►

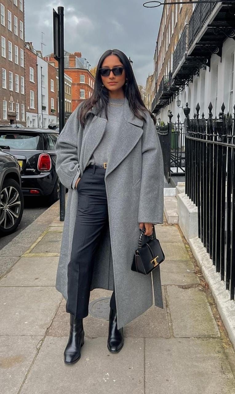 Para lograr un estilo minimalista usando un clásico pantalón negro, elegí un pantalón recto suelto y combinalo con un sweater al cuerpo, puede ser un cardigan o un sweater cuello tortuga en tonos grises. Terminá el look sumando un tapado camel y botas negras o mocasines. Si querés sumarle luz a este look elegí piezas metálicas de tu colorimetría y de diseño simple.
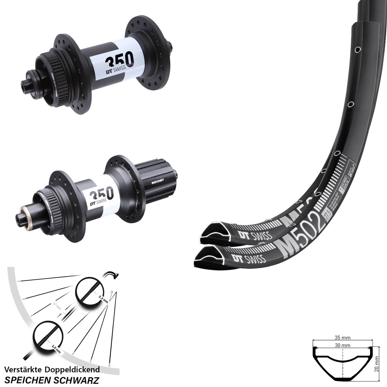 Technische Daten Laufradsatz 29 Zoll DT Swiss M502-350 Ratchet 36 8-11 fach HG QR
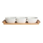 Zdjelice za salatu, umake i grickalice na bazi od bambusa Altom Design porculan, set od 3 zdjelice Set uključuje : 1 x bambusovu dasku / postolje3 x posudu za salatu, umake i grickalice
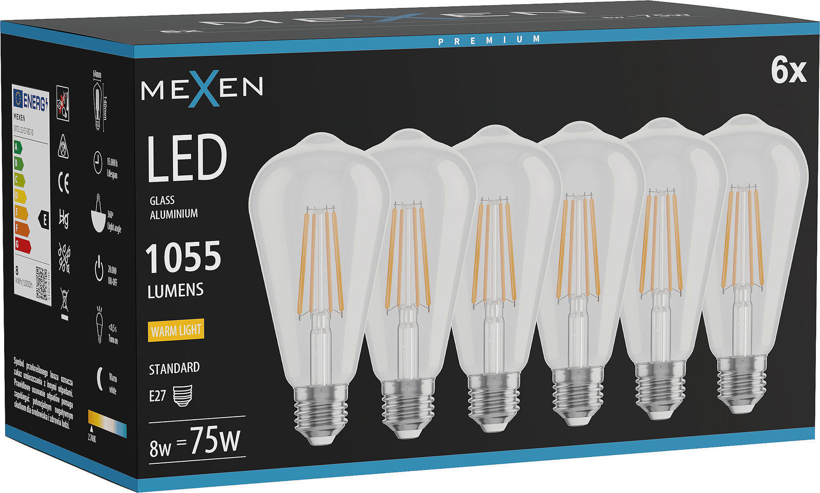 Mexen Vintis 6x LED Filament Bulb E27, ST64, 8W, Warm - 2700K, 1055 lm, clear - L152-E27-0827-00x06
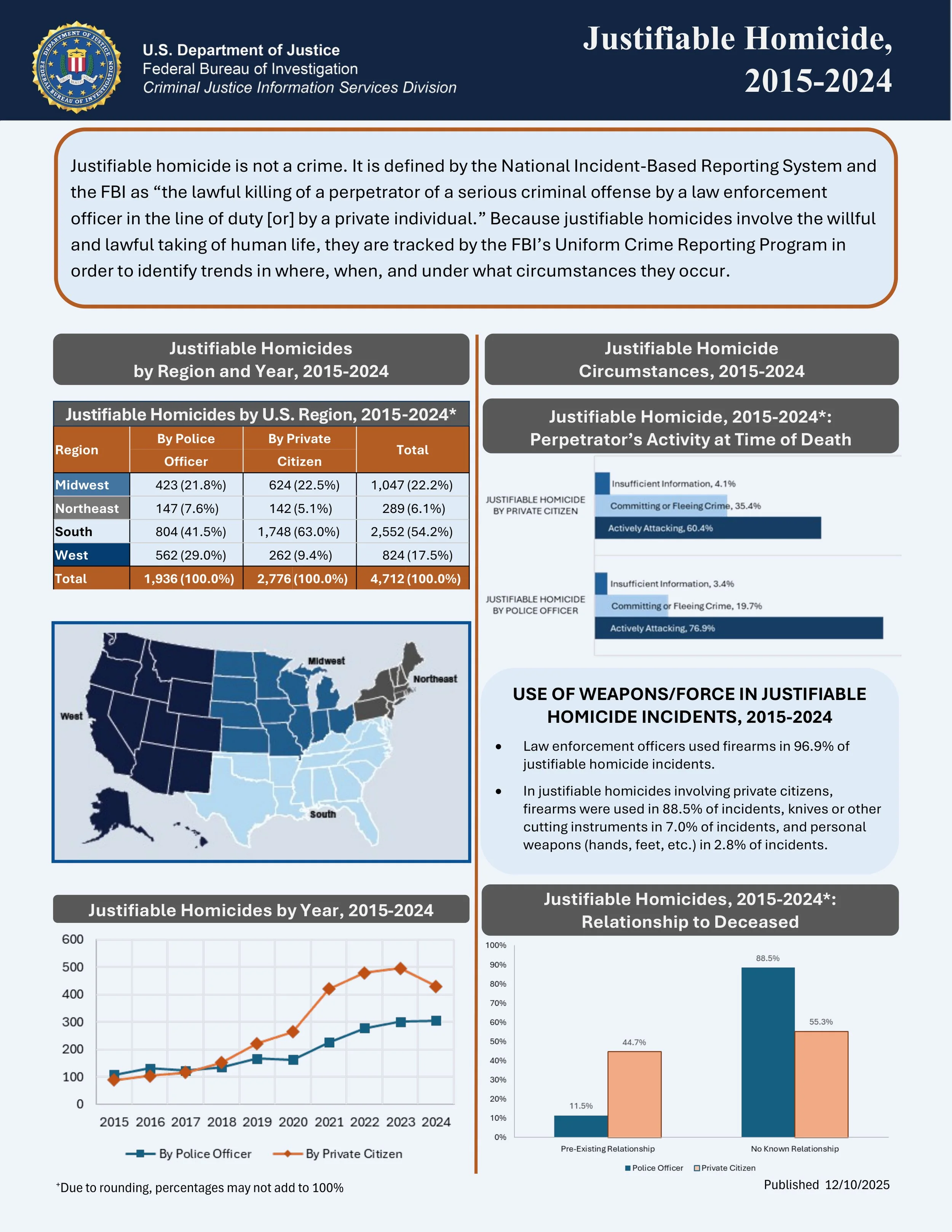 Here is the latest FBI report on justifiable homicides in the US, both by police and by private citizens.
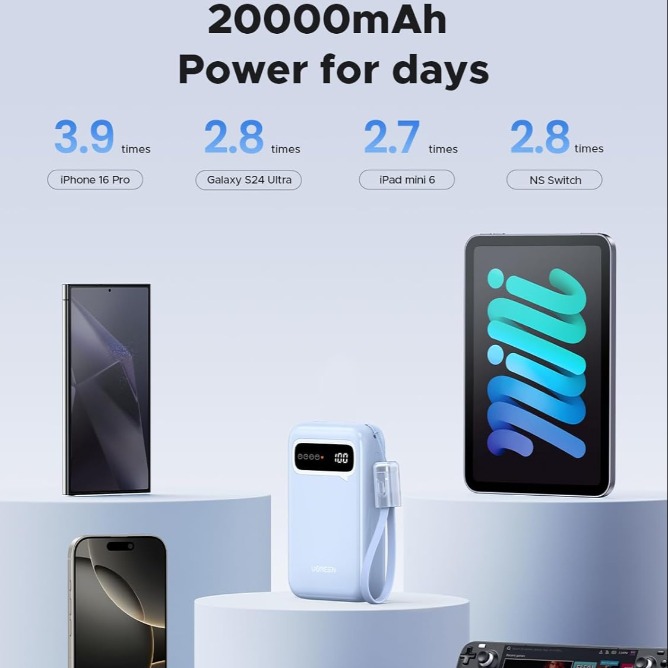 Featuring a smart digital display, premium PC + ABS construction, and advanced multi-layer safety protection, this power bank delivers reliable performance in a slim, lightweight design—perfect for smartphones, tablets, wireless earbuds, and other USB-powered devices.
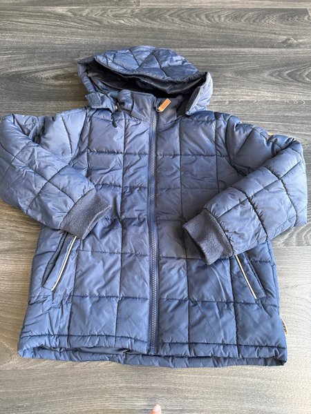 Blå vadderad Ebbe jacka med huva. Jackan har dragkedja fram och muddar vid ärmslut. Fickor fram med vita detaljer.
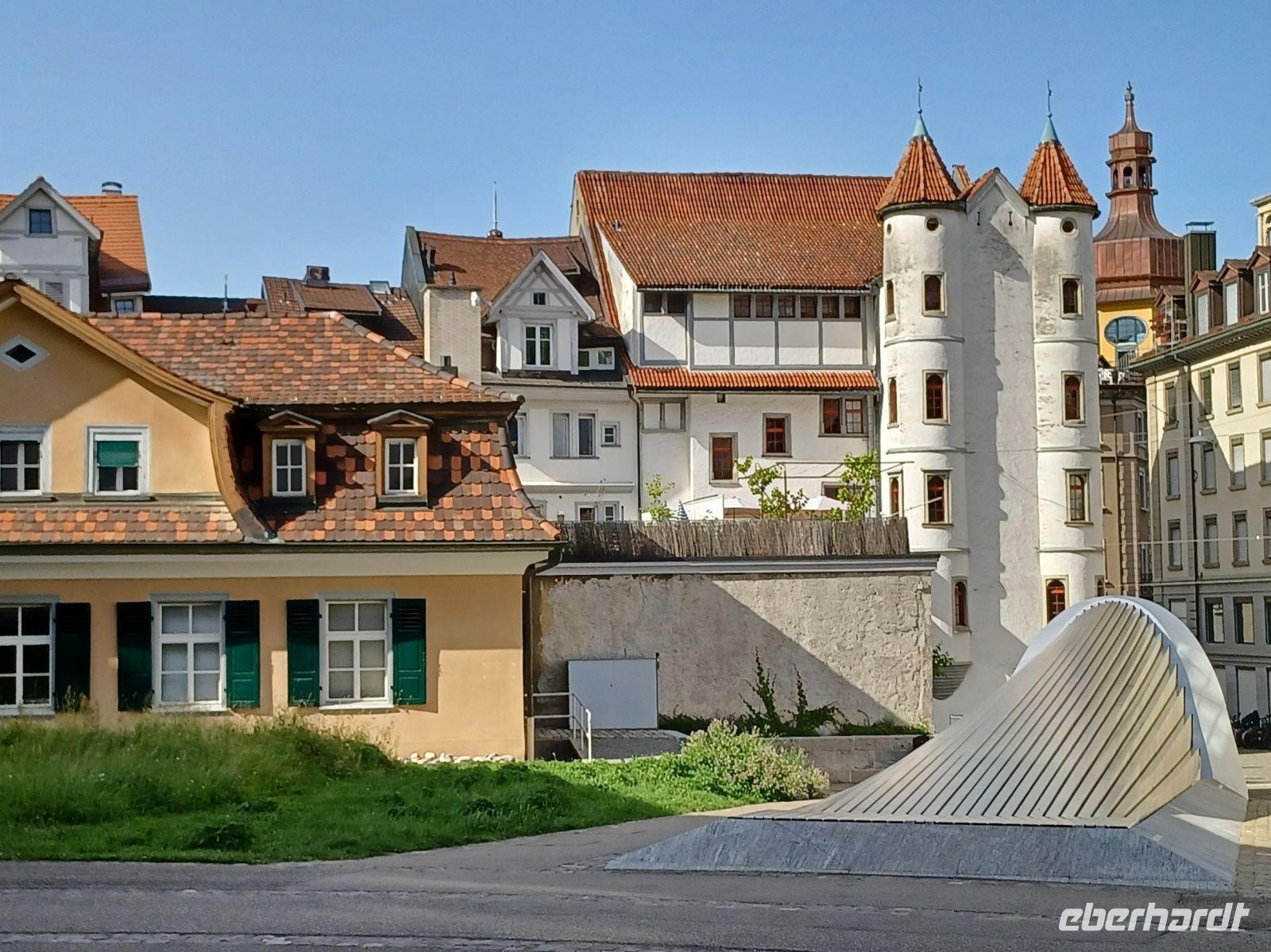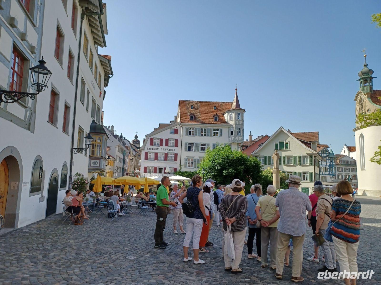 Schade ist, dass die viel erwähnte Stiftsbibliothek zum Zeitpunkt der Stadtführung bereits geschlossen ist. Das bunte Treiben eines Willkommensstadtfestes für Neubürger aus verschiedenen Ländern sowie ein Junggesellenabschied beleben die Innenstadt, die ansonsten am Wochenende einen ruhigen Eindruck macht. In der Freizeit vor dem Abendessen begeben sich einige Gäste noch mit der Mühleggbahn, einem Schrägaufzug als Standseilbahn, hinauf zum Naherholungsgebiet Drei Weiheren mit dem Männerweiher, Bubenweiher u. Frauenweiher (Überwindung von 69 m). Von der Bergstation erreicht man über einen kurzen Fussmarsch einen Höhenweg über den 3 Weihern, der einen wunderbaren Blick auf die Stadt bietet.

◄

Copy the lines starting at the line that contains "Featuring a smart" and running to the final line of the entries, inclusive; omit all pictures.

### RESPONSE FOR THIS EXERCISE
 Featuring a smart digital display, premium PC + ABS construction, and advanced multi-layer safety protection, this power bank delivers reliable performance in a slim, lightweight design—perfect for smartphones, tablets, wireless earbuds, and other USB-powered devices.
 Blå vadderad Ebbe jacka med huva. Jackan har dragkedja fram och muddar vid ärmslut. Fickor fram med vita detaljer.
 Schade ist, dass die viel erwähnte Stiftsbibliothek zum Zeitpunkt der Stadtführung bereits geschlossen ist. Das bunte Treiben eines Willkommensstadtfestes für Neubürger aus verschiedenen Ländern sowie ein Junggesellenabschied beleben die Innenstadt, die ansonsten am Wochenende einen ruhigen Eindruck macht. In der Freizeit vor dem Abendessen begeben sich einige Gäste noch mit der Mühleggbahn, einem Schrägaufzug als Standseilbahn, hinauf zum Naherholungsgebiet Drei Weiheren mit dem Männerweiher, Bubenweiher u. Frauenweiher (Überwindung von 69 m). Von der Bergstation erreicht man über einen kurzen Fussmarsch einen Höhenweg über den 3 Weihern, der einen wunderbaren Blick auf die Stadt bietet.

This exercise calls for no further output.